NB-IoT is designed for machine connectivity and is focused on Industry 4.0 applications, said Phil Evans, UK Head of TUV SUD’s Telecoms Group. The group provides testing services, product certification and qualification across industries which include transport, medical and manufacturing. It is deployed within the LTE spectrum and can use frequency resource blocks within a conventional LTE carrier or it can use unused frequency in the guard band between radio bands. The guard band is designed to prevent interference between devices when they are transmitting simultaneously.
According to Rohde & Schwarz’s market segment manager, IoT, Feng Xie, the 3GPP standard, from release 13 will dedicate standards address machine communication, developing and defining features. In a tutorial, he revealed that in release 14, there is a defined maximum transmission power and in release 15, there will be wake-up signal and early data transmission to address the power consumption for IoT devices.
The standard requires 200kHz bandwidth and can therefore run next to existing cellular networks, to benefit from that network’s security and privacy features.

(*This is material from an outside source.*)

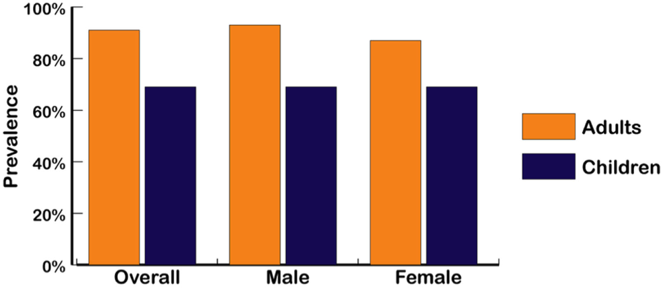 To estimate the prevalence of overfat adults and children in the US, we combined the populations of overweight, obese, and normal-weight individuals with increased health risks (MONW). In adults, recent crude data estimated overweight and obese prevalence in the US at 70.7% (5). Metabolically obese normal weight prevalence has been estimated between 5 and 45%, with variations due to ethnicity, sample size effects, differences in MONW definition, social and demographic factors, and others (66, 67). The relatively recent prevalence of MONW adult populations in North America and Europe that included both genders and a wide range of ages have been estimated by various authors to be between 24 and 36% (55, 68–72). However, we feel the meta-analysis by Wang et al., which showed the overall prevalence of MONW adults in the general population worldwide at 20% (95% CI 16.54–23.94), was an appropriate estimate for the US population, and was previously used for estimating overfat prevalence in developed countries (2). Wang et al. (54) included publications between 2006 and 2013 with a wide range of populations including Europeans (individual countries and mixed populations), North Americans (US and Canada), and Asians (including Chinese, Indian, and Korean). Combining the categories of overweight, obese, and MONW US adults brings the prevalence of overfat in the US to 90.7%.

This also extends to security measures inherited from LTE, for example the SIM card and embedded security garnered from 2G, 3G and 4G networks.
There are examples of LoRaWANs around the world, from keep track of bicycles in Amsterdam to a smart city pack offered by a South Korean telecomm operator. The LoRa Alliance reports that there are 83 public networks operating in 49 countries around the world. Adoption in the UK is sluggish, although Landsdowne reported that there are small and private LoRaWANs and that the Scottish National Executive has approved LoRaWAN for all public services and hospitals in Scotland.
According to the GSM Alliance, 40 countries are expected to roll our NB-IoT networks in the near future.
Estimates of how many connected devices will be installed varies wildly, from around 13bn to over 75bn in five years’ time. There is agreement that the IoT will continue to grow and that 5G technology will support that growth. New products and services will be developed which could impact edge, cloud and data centres. While N-IoT and LoRaWAN jostle for position, a global, scalable approach is likely to see the most success for operators and consumers.